Thanks for looking into this, Neil, and seeing for possibilities for reuse in other scenarios, that's exactly why I wanted to wider discussion of this and be led by Tyler, architect for entire team, because with "infrastructure" outlook we can miss something.
Getting a token: I see this as the service that starts the job has some secret allowing it to request the token, which is then passed onto the job.
Precisely as the Multi-Node setup could use. I'm thinking the token could be added as part of the jobdata in lava-dispatcher, commands.py: job = LavaTestJob(jobdata, oob_file, config, self.args.output_dir)
My expectation for this Multi-Node support would be that the token would be written to the test environment and the test would use that to get the list of other clients for this multi-node job. Once each client has booted and "called home" to the parent using the token, clients could get the IP address and role of other clients. This then allows Multi-Node tests to make calls between clients to test their own protocols and other requirements.
Well, my questions here would be what are these "calls" that clients in multinode setup do among themselves. My first thinking would be network testing, but as Antonio wrote in the other email, it doesn't have to be, and primary communication channel is still serial.
I'm afraid I don't know enough about multinode to asses if it shares enough commonality in authentication requirements with build slaves (which do publishing at the end of build). Just to elaborate with Jenkins build slaves we have:
1. Static build master which schedules builds. This system is considered trusted as user/3rd-party code cannot be executed there. 2. But actual builds are scheduled on EC2 slaves which come and go and also execute code as specified by users. So, we cannot trust slave environment and don't want to expose any "persistent" authentication credentials there, instead, only once-off tokens should be used there, so if attacker gets to them, one won't get too much.
Fairly speaking, as far as I can tell, p.2 applies pretty much to LAVA board pool too, except for some difference: there's finite set of build boards (i.e. they're under more scrutiny), and they're firewalled. But again, I don't know what kind of security (vs flexibility) you guys want with multinode setup and what's the best way to implement it...

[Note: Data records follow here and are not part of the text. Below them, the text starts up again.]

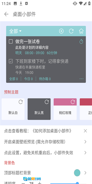 点击桌面的清单小部件,就能在这里设置几日计划,还可以通过设置主题、背景等方式,将其添加到桌面。
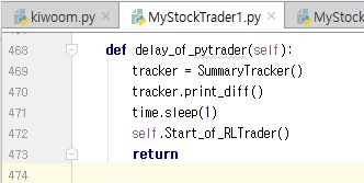 그리고 나서 일단 MyStockTrader1에서 위 스크린샷과 같이 pympler를 가지고 오는 과정을 넣어 주도록 합니다. 이렇게 함으로써, 일련의 작업을 시작합니다.
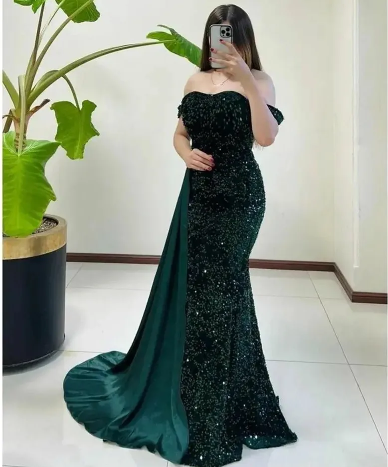 Long Off Shoulder Sequined Evening Dresses Mermaid Satin Sweep Train Prom Gowns Robes de soirée Party Dress Вечерние платья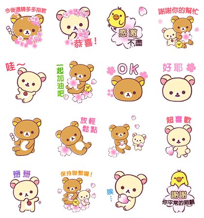 It's cherry blossom time for Rilakkuma and friends in this special springtime sticker set. Send your support and love to friends and family in the relaxed way that only Rilakkuma can! Available till April 18, 2017.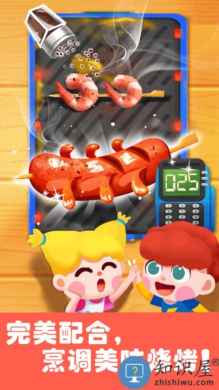 2、根据红框提示,从橱柜取出肉串交给小女孩。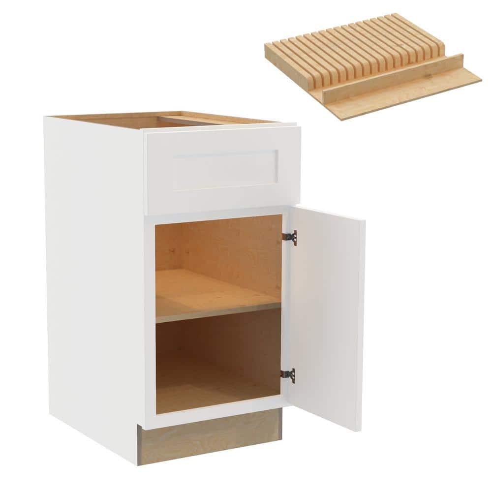 The Newport Kitchen Cabinet by Home Decorators Collection combines durable all-plywood construction with a sleek Pacific White finish. Featuring soft-close doors and drawers, adjustable shelves, and an integrated knife block, this cabinet is both functional and stylish.
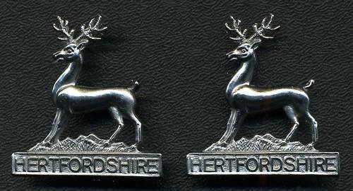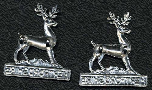 OBSOLETE, British, HERTFORDSHIRE Police Collar badges. I am calling these collar badges but they are quite large, 42mm wide by 46mm high. With lugs on the back, so could be caps. Both Stags face to the left. Nice.

I already have a protocol designed to do the file update thing (server has old file, client has new one but not old one) for a pet project that I was going to open source, but it is just a bit of fun and hasn't been tested, so even having got that far I would still tell other people to use rsync.
publish --token=<token> --type=<build_type> --strip=<strip> <build_id> <glob_pattern>...

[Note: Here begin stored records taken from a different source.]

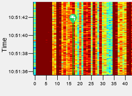 | Waterfall | A dynamic chart that represents live & historical data from the histogram. Location is represented along the x-axis; time is shown on the y-axis and amplitude of the signal is represented by varying colours. |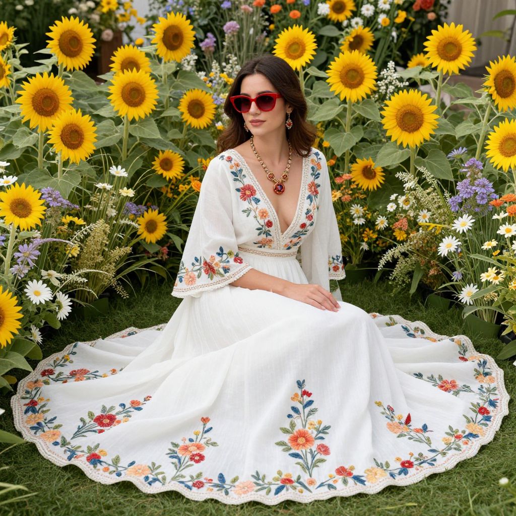 Elegantly seated amidst a vibrant floral backdrop, a woman dons a flowing white gown adorned with intricate floral embroidery, complemented by red sunglasses and matching jewelry, exuding a timeless charm against a lush tapestry of sunflowers and wild blooms.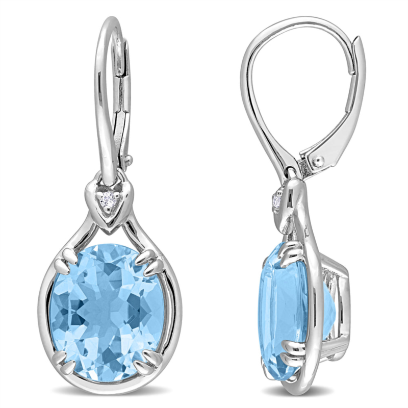 These lovely solitaire leverback drop earrings are crafted in lustrous sterling silver and feature two oval-cut, prong-set sky blue topaz (12x10mm) crowned by two round-cut, prong-set white topaz (1.5x1.5mm) gemstones in a teardrop design. Enhanced with a polished finish, these exquisite earrings are secured with leverback closures. These timeless earrings are worth treasuring.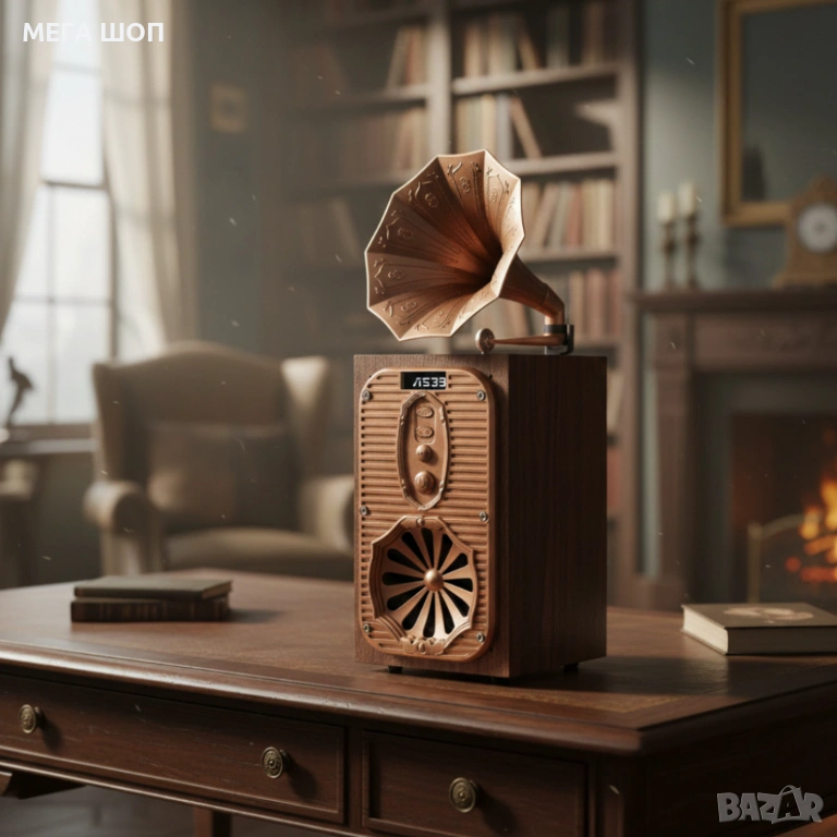 Bluetooth радио колонка AS39, 1x8W, 1200mAh, Кафяв – ретро звук

This seems like a reasonable starting point. Lets make sure that it uses a configuration file to specify what to do with those build types etc. Preferably one that it can update from a public location so we don't have to re-spin the tool to add a new build type (though I guess we normally check it out of VCS as we go, so that works too).
Well, on client side, it's ideally just a single file which just handle obvious filtering options (like <glob_pattern> or --strip=) locally and passes the rest to API/service. Server-side can handle the options in any way it wants, note that options above don't require much "configuration", for example --type= just maps to top-level download dir.
Just wondering how much overlap there could be between publishing for CI and publishing IP addresses between clients running a Multi-Node job.
I've only done the briefest look at the Multi-Node aspects so far, there's a PDF I've shared with some rough flow ideas for Parent-Child-Communication.